Pemberian cairan dibatasi, sebaiknya menggunakan monitoring dengan
CVP line. Pemberian cairan melebihi 1500 ml cenderung memberikan
edema paru. Bila ada anemia, transfusi darah diberikan berlahan-lahan.
(1unit darah dalam 4 jam). Mengurangi beban jantung kanan dengan tidur
setengah duduk, pada edema paru karena kelebihan cairan dapat diberikan
diuretik, yaitu furosemide 40mg i.v. Untuk memperbaiki hipoksia diberikan

24
oksigen konsentrasi tinggi (6-8 l/menit) dan bila mungkin dengan bantuan
respirator mekanik.
g. Penanganan anemia
Bila anemia kurang dari 5 gram /dl atau hematokrit kurang dari 15%
diberikan transfusi darah whole blood atau packed cells. Darah segar lebih
baik di banding darah biasa. Transfusi sebaiknya pelan-pelan, kalau perlu
dengan monitoring CVP line atau dengan memberikan furosemid 20 mg
sebelum transfusi.
h. Penanganan terhadap infeksi sekunder
Infeksi sekunder yang sering terjadi yaitu pneunomia karena
aspirasi, sepsis yang berasal dari infeksi perut dan infeksi saluran kencing
karena pemasangan kateter.
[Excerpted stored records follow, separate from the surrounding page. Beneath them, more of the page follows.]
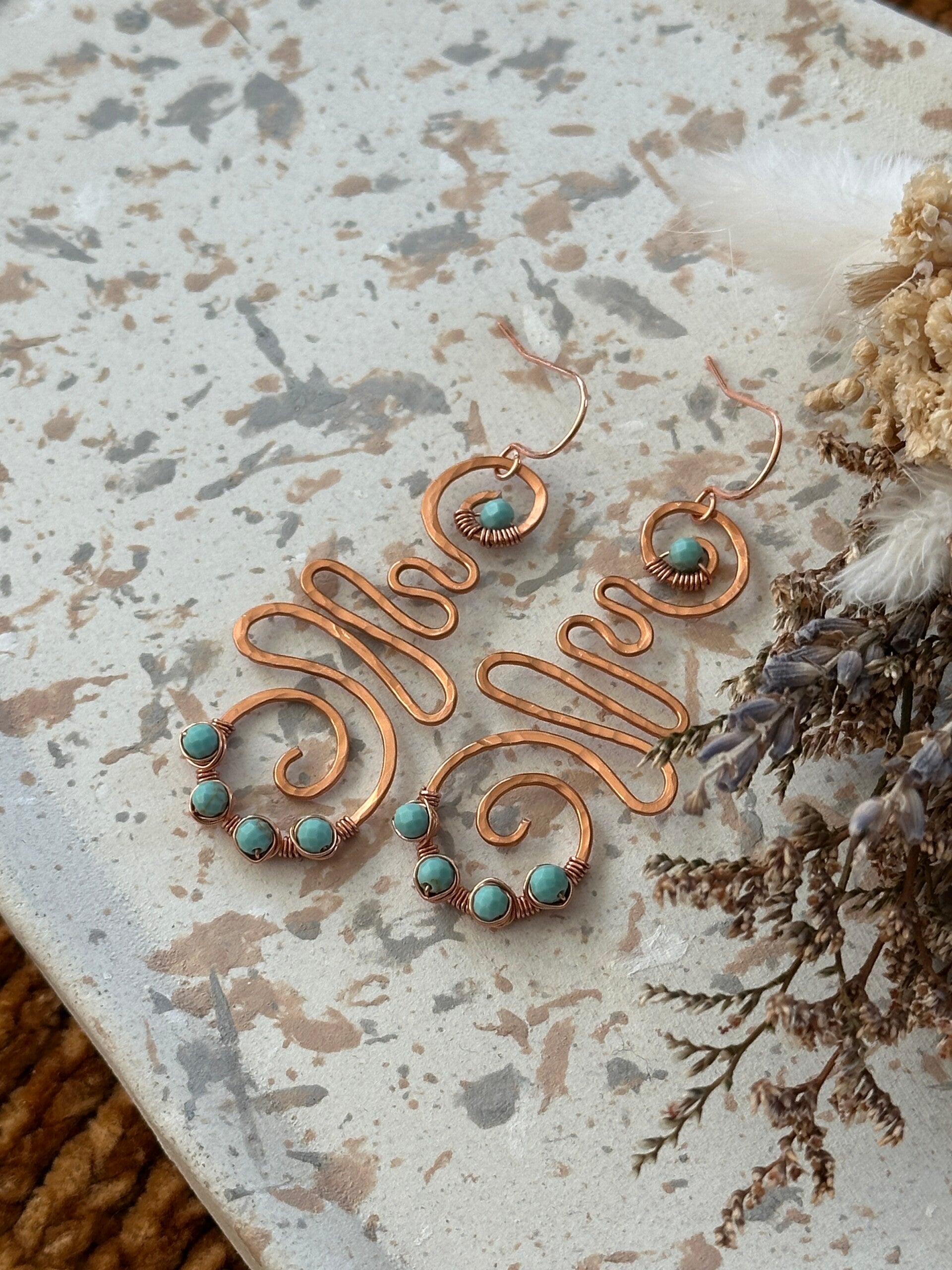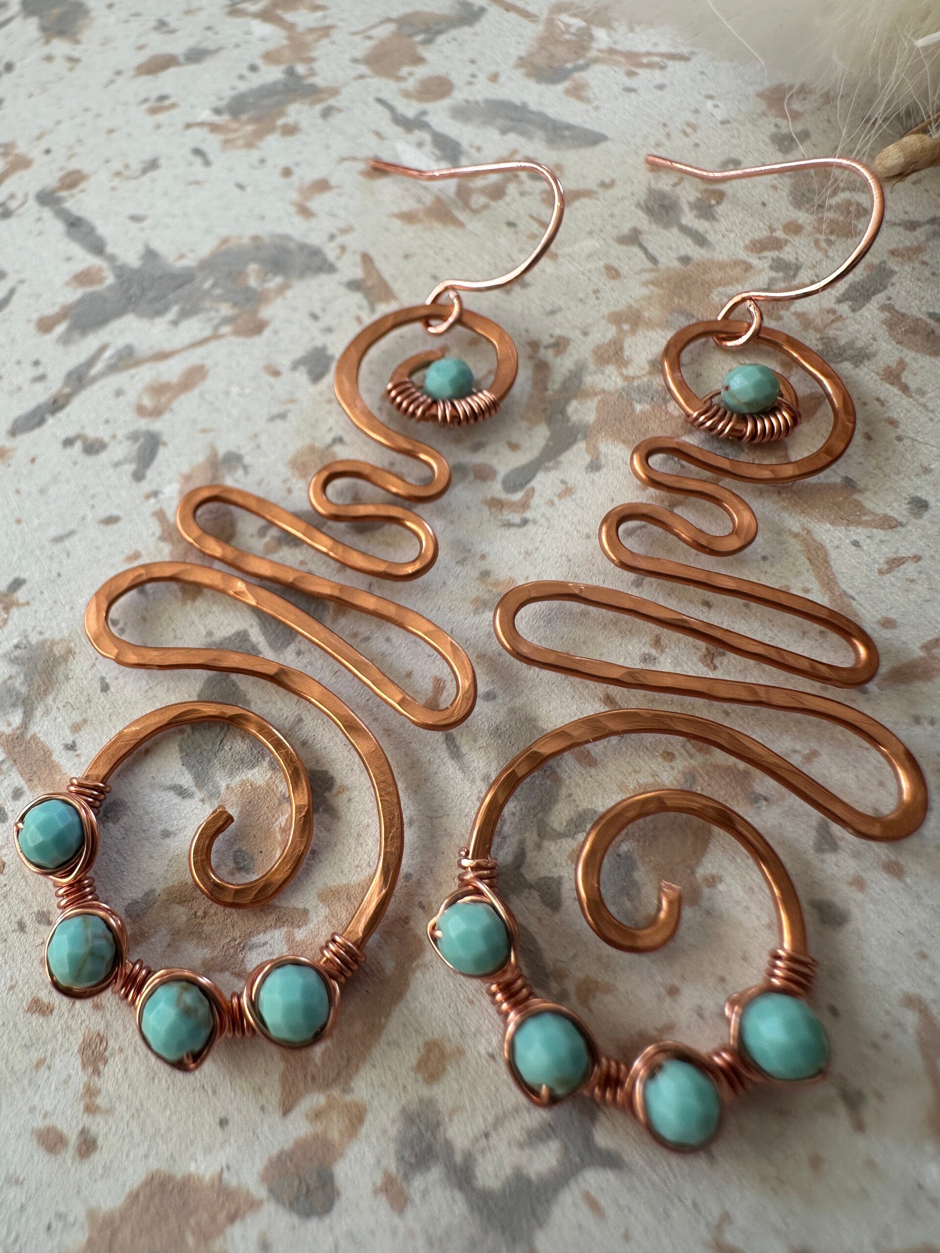 Oorbellen uit pure koperdraad afgewerkt met turkoois-stenen.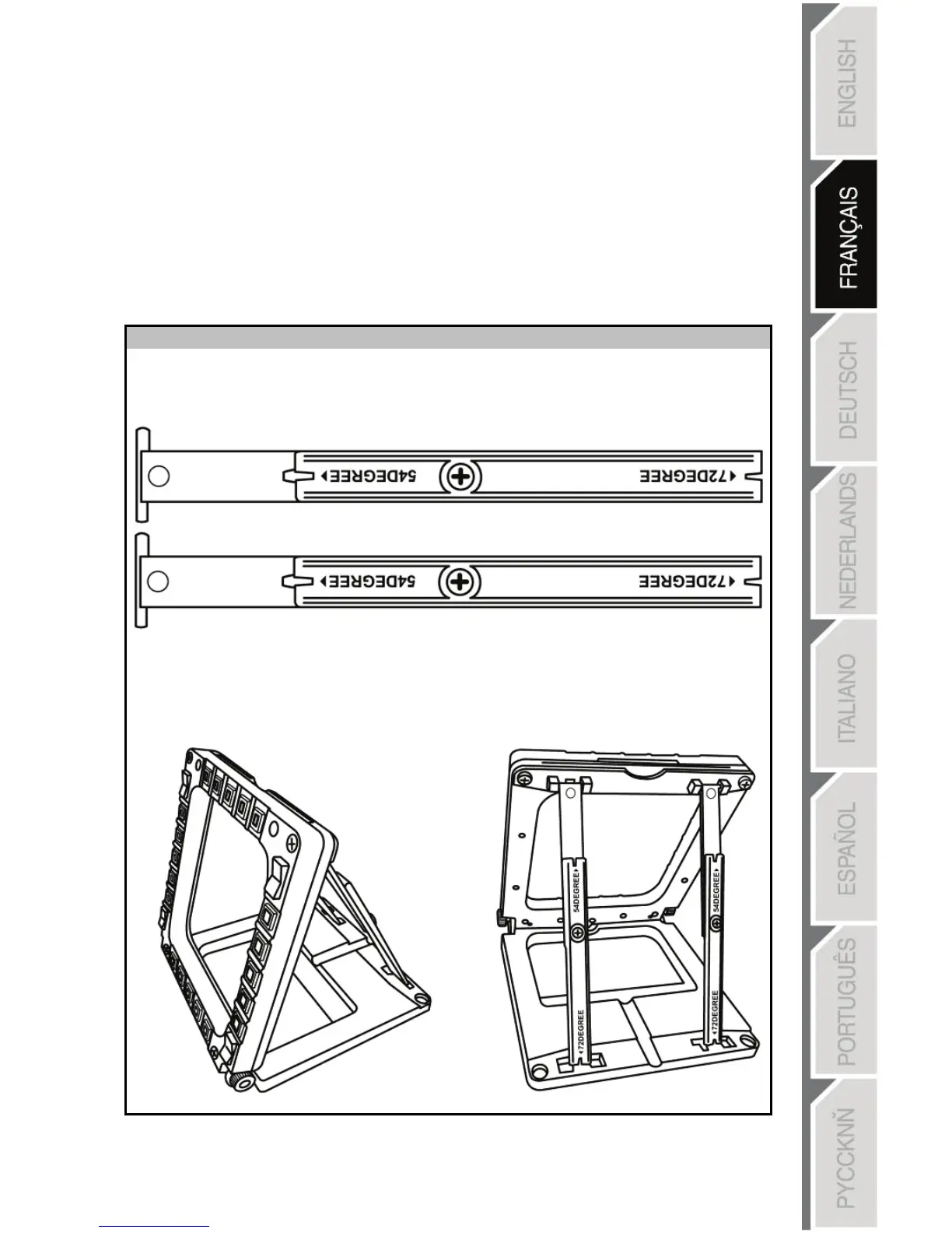 - Une longue (avec les indications « 72DEGREE » et « 54DEGREE »)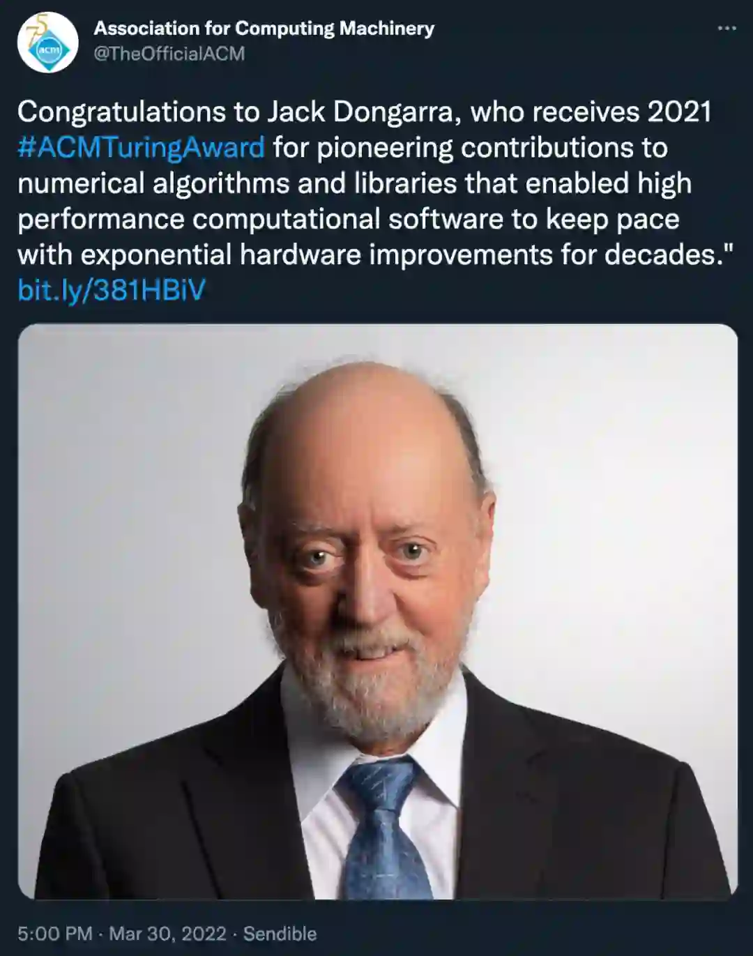 谷歌高级研究员、谷歌研究 & 谷歌健康高级副总裁 Jeff Dean 表示:「Jack Dongarra 的工作从根本上改变并推动了科学计算的发展。他在世界上各个科学计算领域使用最频繁的数值软件库上的核心工作,帮助推进了从药物发现、天气预报到航空航天工程等十几个领域。他专注于表征广泛的计算机带来了适配数值计算的计算机体系结构的重大进步。」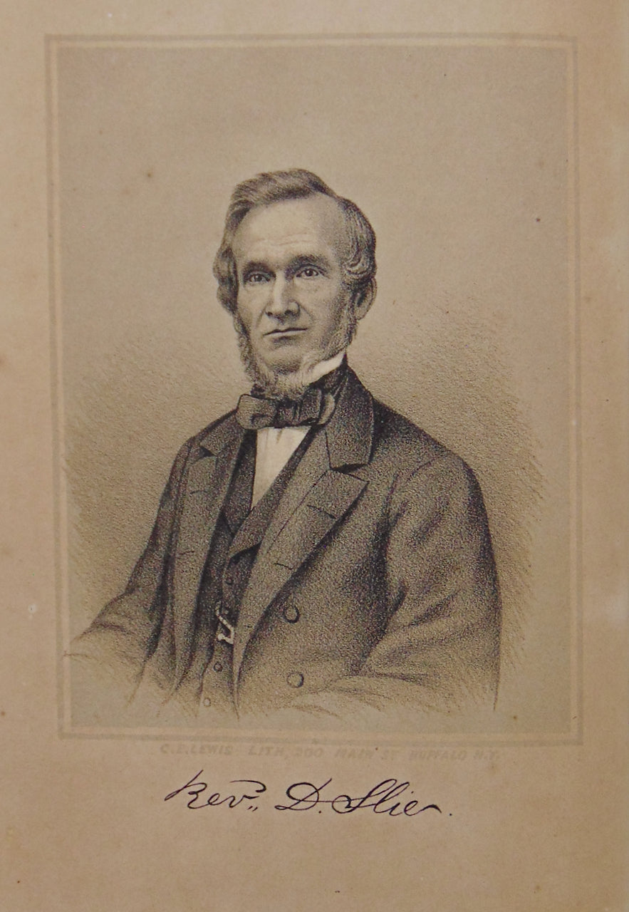Rev. David Slie (1800-1883), itinerant revivalist, at one time a member of the Black River Association of western New York. In 1835 the Presbytery of Angelica chastised him for acting independently and for loosening the strictness of Presbyterian doctrine. We find references with Rev. Slie working with both Congregational and Presbyterian churches. In 1843 he was the secretary for a Free Congregational society that had separated from the Presbyterian Church in Sodus, New York, over the issue of slavery.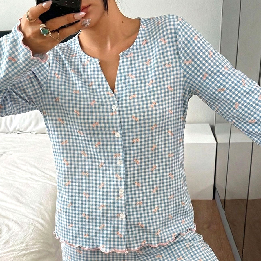 Checks Bow Ladies Pajama Set - Blue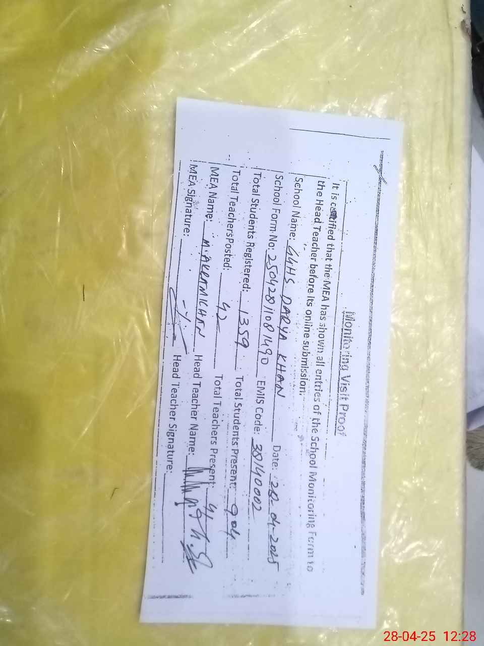 | EMIS Code: 38140002 | Name of School: GGHS DARYA KHAN | |||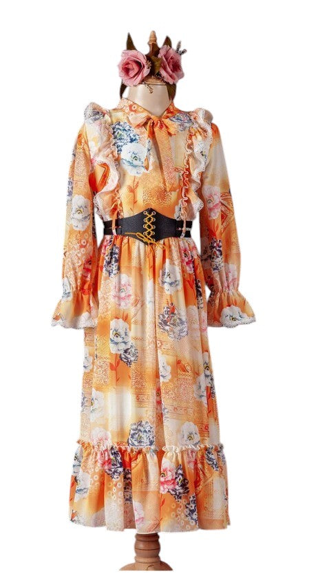 YAZ CHIFFON DRESS AND BOLERO SET - ORANGE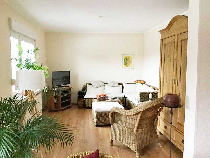 Ursprünglich war das jetzige Esszimmer, bzw. zweites Wohnzimmer, ein abgeschlossener Raum für sich, welcher jedoch in der Vergangenheit baulich zum Wohnzimmer geöffnet wurde. Mit geringem Aufwand kann dieses Zimmer jedoch zurück gebaut werden, sodass hier ein weiteres Schlafzimmer oder ein Arbeitszimmer entstehen kann.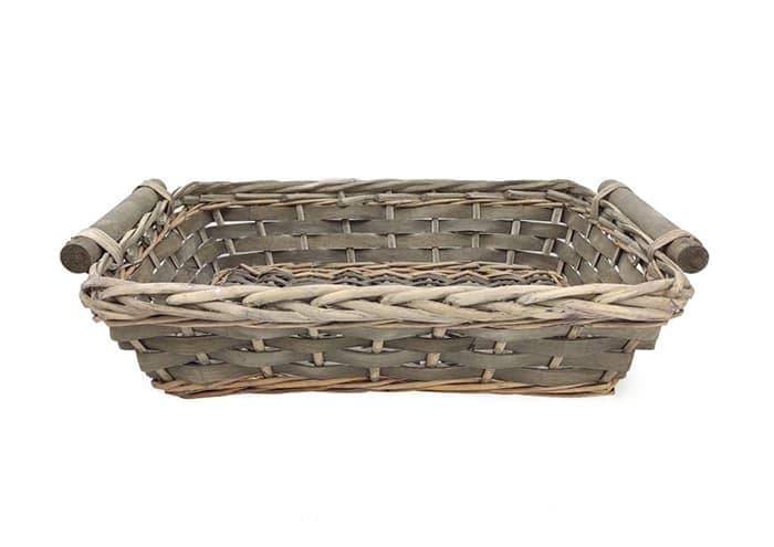 Cesto vuoto rettangolare grigio manici legno cm 50×40 h13

Antibiotika yang dianjurkan sebelum diperoleh
hasil kultur ialah kombinasi ampisilin dan gentamisin atau bila mungkin
sefalosporin generasi ke III atau karbafenem.
5. Prognosis
Pada infeksi malaria hanya terjadi mortalitas bila mengalami malaria berat.
Pada malaria berat mortalitas bergantung pada kecepatan penderita tiba di RS
kecepatatan diagnosa dan penanganan yang tepat. Walaupun demikian
mortalitas penderita malaria berat di dunia masih cukup tinggi bervariasi 15%-
60% tergantung fasilitas pemberi pelayanan. Makin banyak jumlah komplikasi
akan diikuti dengan meningkatnya mortalitas. Misalnya penderita dengan
malaria serebral dengan hipoglikemi peningkatan kreatinin dan peningkatan
bilirubin mortalitasnya lebih tinggi daripada malaria serebral saja.